**Assignment**
Retype only what runs from the first line of the listing to the line holding "- 7. Dual-Mode", both included. Do not retype the pictures.

**Records for the exercise**
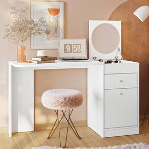A Penteadeira Camarim é perfeita para seus momentos de beleza efunciona também como escrivaninha.
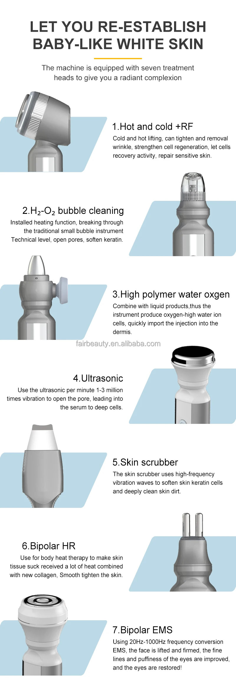 - 7. Dual-Mode Hot/Cold + RF: Combined thermal lifting and wrinkle reduction to stimulate cellular regeneration and repair the skin barrier.
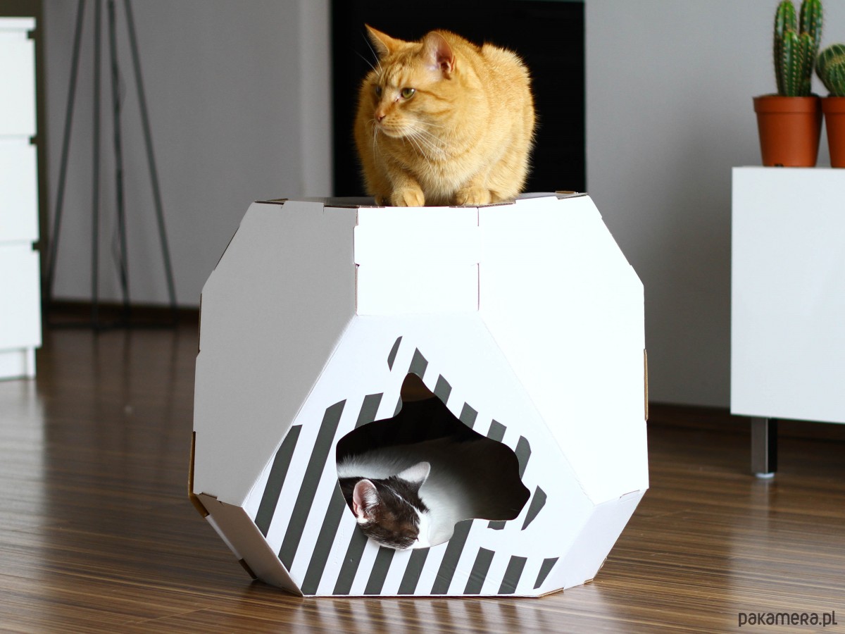 MIA to wielofunkcyjny mebel z przeznaczeniem na instynktowne dla kotów czynności takie, jak: CHOWANIE SIĘ (kryjówka), SPANIE (leżanka), ZABAWA (zabawka). MIA jest dwustronnym domkiem, co oznacza, że możesz ją złożyć zarówno na białą, jak i na brązową stronę. Mocna i stabilna konstrukcja oraz wytrzymała tektura, pozwalają kotom na swobodne wskakiwanie na górę domku MIA, co daje im więcej możliwości na spędzanie czasu zarówno w środku domku, jak i na jego górze. Dwa niezależne wejścia zapewniają kotom poczucie swobody, lepszą obserwację otoczenia oraz lepsze wykorzystanie domku MIA w trakcie zabawy. Przestronne wnętrze pomieści więcej niż jednego kota. MATA TEKTUROWA - załączona w środku. Materiał: naturalna tektura falista. Kolor: biały i brązowy. Wymiary w cm (wysokość x głębokość x szerokość) 48x58x57. Instrukcj
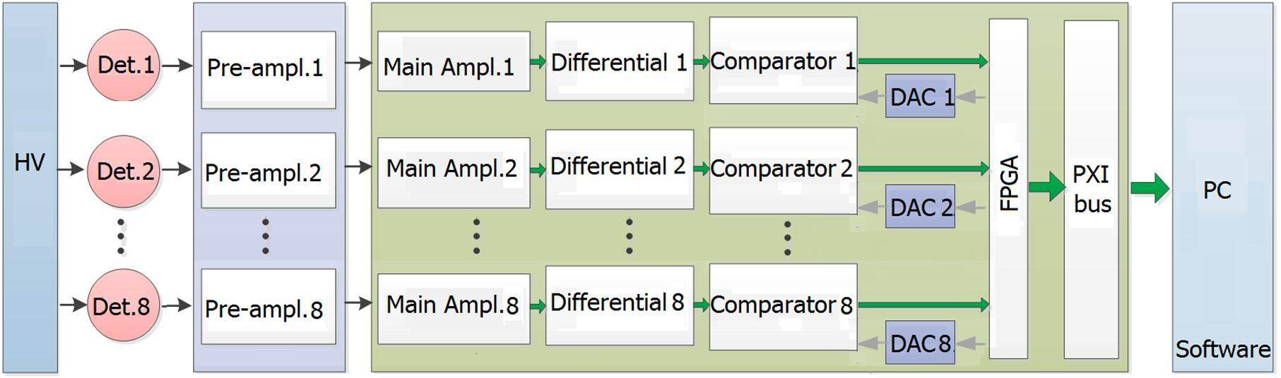 A block diagram of the fusion neutron spectrometer based on PXI bus is shown in Fig. 1. It consists of eight detector/pre-amplifier/main-amplifier, and system controller of PXI chassis. The charge-sensitive pre-amplifiers use NIM chassis and the main electronics use PXI chassis. The detector signals amplified by the pre-amplifier are amplified, shaped and filtered by the main electronics. The DACs output the upper and lower thresholds to the comparator through the FPGA. The comparators compare the main amplifier output with the upper and lower thresholds, and the FPGA processes the comparison results. The FPGA uploads eight time-sharing neutron counts to the system controller of PXI chassis through PXI bus. The system controller works out and displays real-time neutron spectrum.
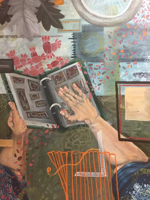 Gouache on wall paneling and found object, 70”x48”x16”, 2023.
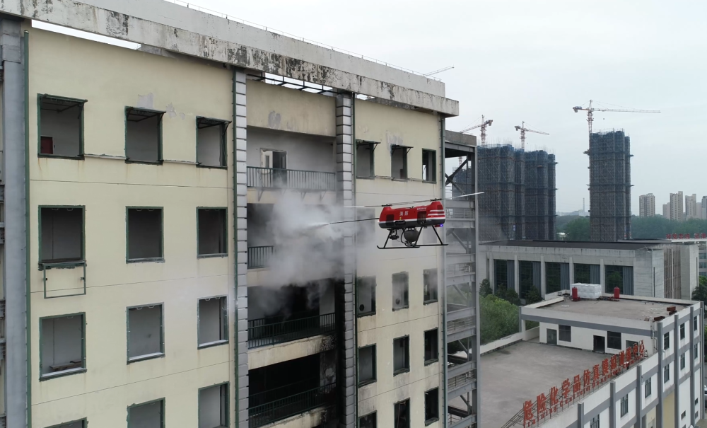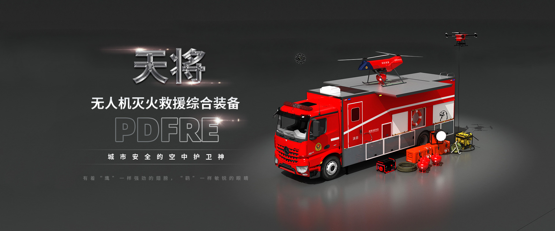 天將是2017年企業承擔的原公安部消防局《旋翼無人機在滅火搶險救援領域中的應用》科技創新項目的研發成果。以大載荷無人機為平臺,集成高效滅火救援模塊和承載運輸車輛,具備高層建筑滅火救援功能和常規應急救援功能。通過無人機噴射高效滅火劑,對高層建筑初期火災可全方位實施精準撲救或快速壓制,為高層建筑滅火提供了一種新的技術手段,實現了高層建筑室外空間滅火技術的創新和突破。
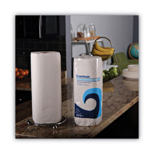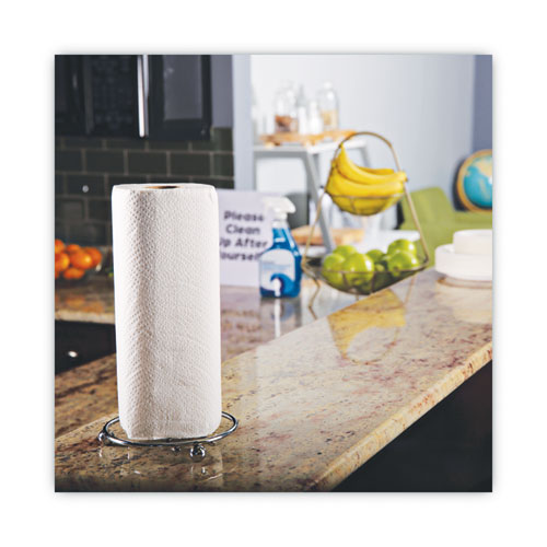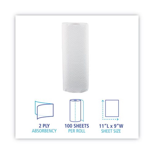 Absorbent kitchen roll towel for general cleaning in kitchens, bathrooms, offices, and industrial settings. White, embossed paper towel wipes to remove dirt, dust, grease grime, liquid, and soil. Use to soak up spills and wipe surfaces clean.
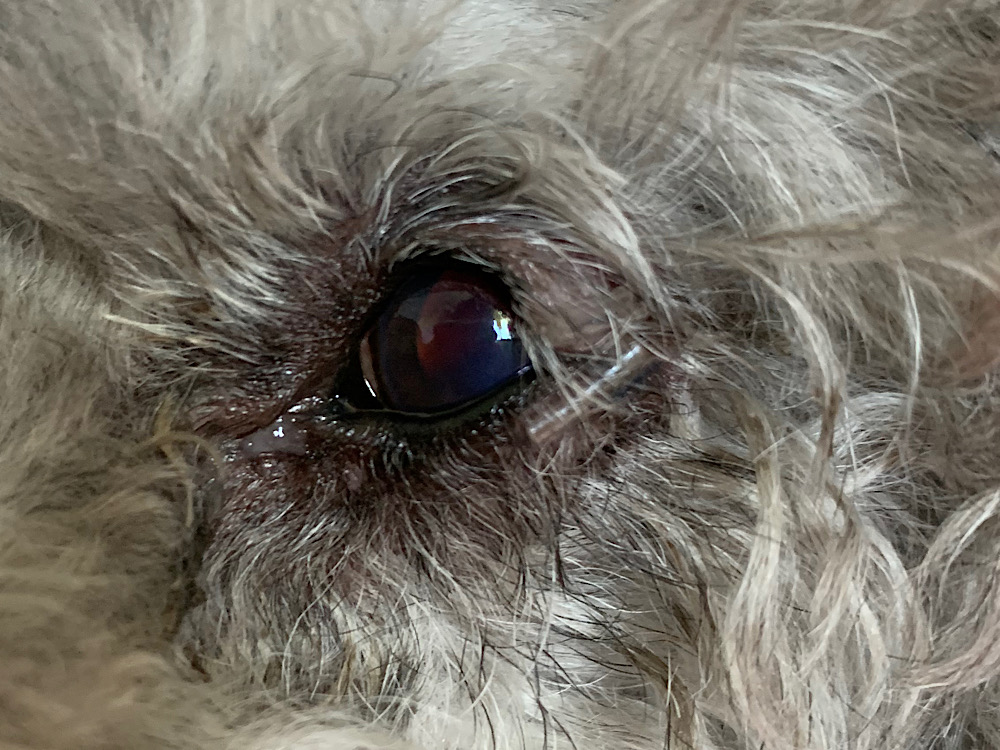 2021年5月、散歩中に左目を細める様子があり受診したところ、左目の水晶前方脱臼と眼圧上昇が判明。
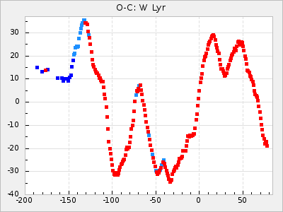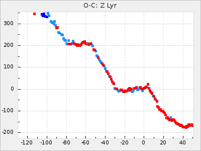 Mean period: 194.90, Mean epoch: 2442132.4 LC Avg Per ΔP: -0.37 ±0.01 (t:32.9, r2:0.897), ΔEpoch: -18.6 ΔP/C: 0.001 ±0 (t:1.8, r2:0.026) Mag at max: 10.9 ±0.3 (10.5-11.5) GCVS period: 195.27, GCVS epoch: 2442151 GCVS spectral type: E/P (X=15) ε2: 5.6, 2a2: 27.5, r2: 0.897 E/P (X=5) ε2: 6, 2a2: 25.1, r2: 0.629 |
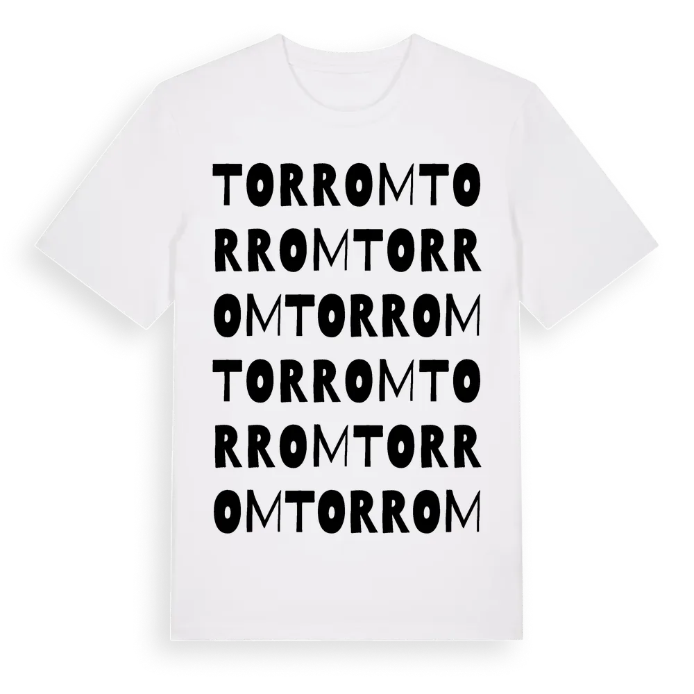 En ordlek byggd på Torroms namn. Subtilt och klurig – ett motiv som bara de som verkligen känner platsen fullt ut förstår. Premium bomull, unisex – från byn Torrom i Västernorrlands län.
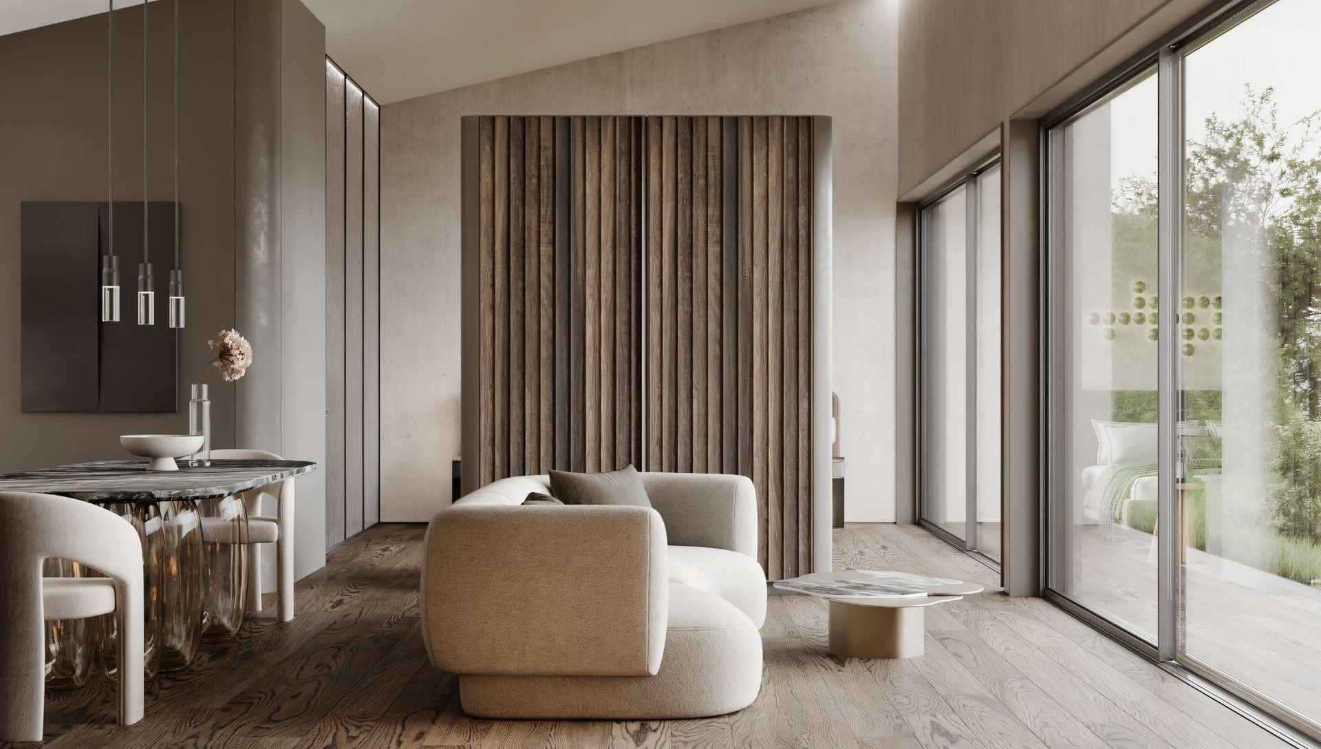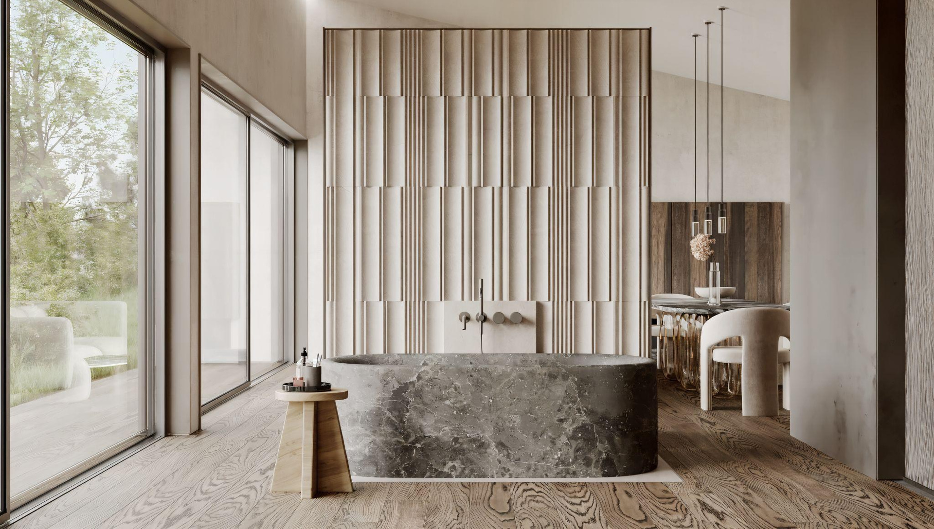 Ключевая идея — погружение человека в природную среду, стирание между ними границ и возможность взглянуть на природу изнутри.Основная идея проекта — диффузия как смешивание элементов. Проект посвящен архитектуре, помещенной в контекст природы, и их органичному соединению. Отель расположен недалеко от Веруккио (Италия) на склоне холма с видом на Средиземное море.
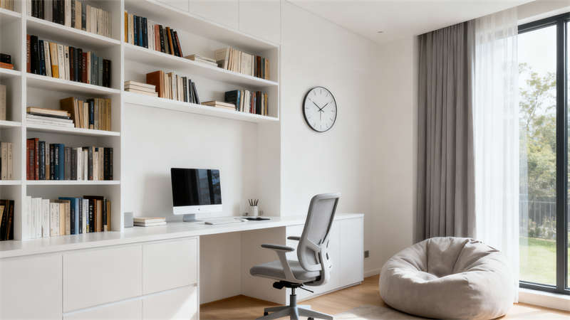 室内空间延续整体风格,客厅注重通透感,大面积采光让空间更显开阔,简约款式的家具搭配棉麻质感的软装,营造出温馨放松的休憩氛围;餐厅将实用性与美学结合,简约餐桌椅搭配暖光吊灯,让用餐时光更具仪式感;卧室以柔和色调为主,舒适床品与隐藏式收纳设计,既保证了居住的舒适度,又维持了空间的整洁简约;厨房采用简洁的橱柜设计,合理规划动线,让操作更便捷;卫生间注重干湿分离,选用耐磨易清洁的材质,搭配简约卫浴洁具,保持空间清爽;书房/休闲区则以简约书架与舒适座椅为主,营造出安静专注的阅读或工作环境,整体设计处处体现现代简约的核心,为住客带来惬意的居住体验。
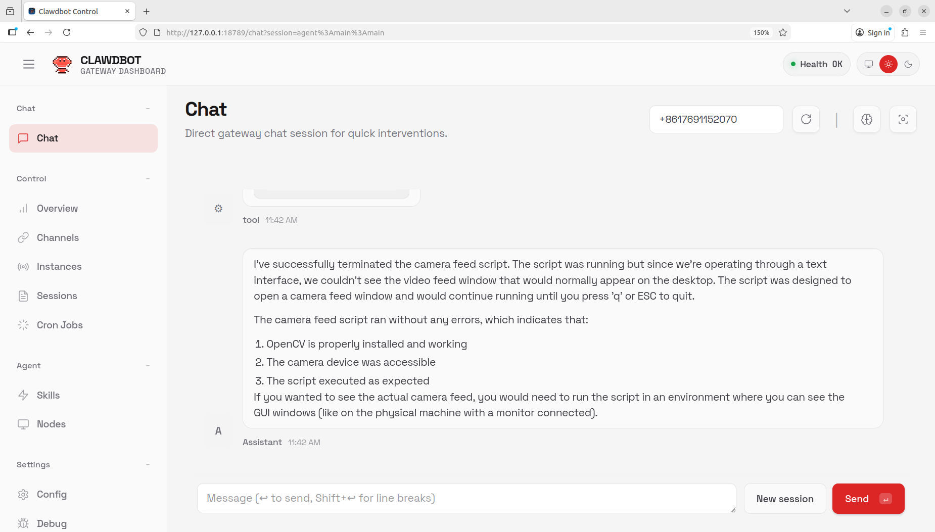 In the demo video, we used a mobile chat application to check the status of the Jetson device and developed a camera debugging script through chat-based interaction.
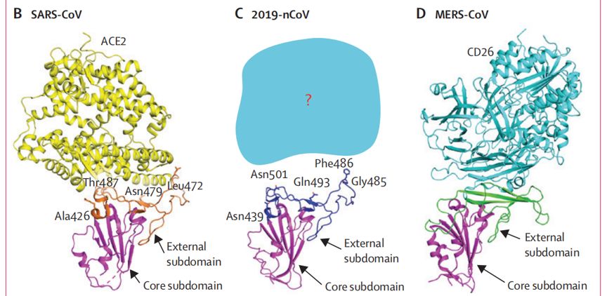 冠状病毒的S蛋白介导受体结合(S1区)和膜融合(S2区),对病毒感染宿主细胞起至关重要的作用。值得注意的是,2019-nCoV的S2结构域与bat-SL-CoVZC45、bat-SL-CoVZXC21的同源性约为93%——远高于S1结构域,而后者同源性仅为68%。更有趣的是,虽然2019-nCoV和SARS-CoV属于不同的支链,但两者在S1结构域中仍保留了约50个保守氨基酸。并且研究人员通过同源建模分析发现2019-nCoV受体结合结构域的外部子结构域与SARS-CoV十分相似,这表明2019-nCoV和SARS-CoV可能通过相同的受体入侵宿主细胞,即ACE2。
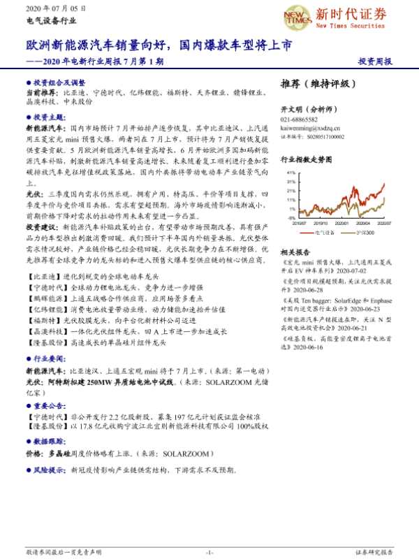 【新时代证券】【20200705】2020年电新行业周报7月第1期:欧洲新能源汽车销量向好,国内爆款车型将上市-13页

**Result of the task**
A Penteadeira Camarim é perfeita para seus momentos de beleza efunciona também como escrivaninha.
 - 7. Dual-Mode Hot/Cold + RF: Combined thermal lifting and wrinkle reduction to stimulate cellular regeneration and repair the skin barrier.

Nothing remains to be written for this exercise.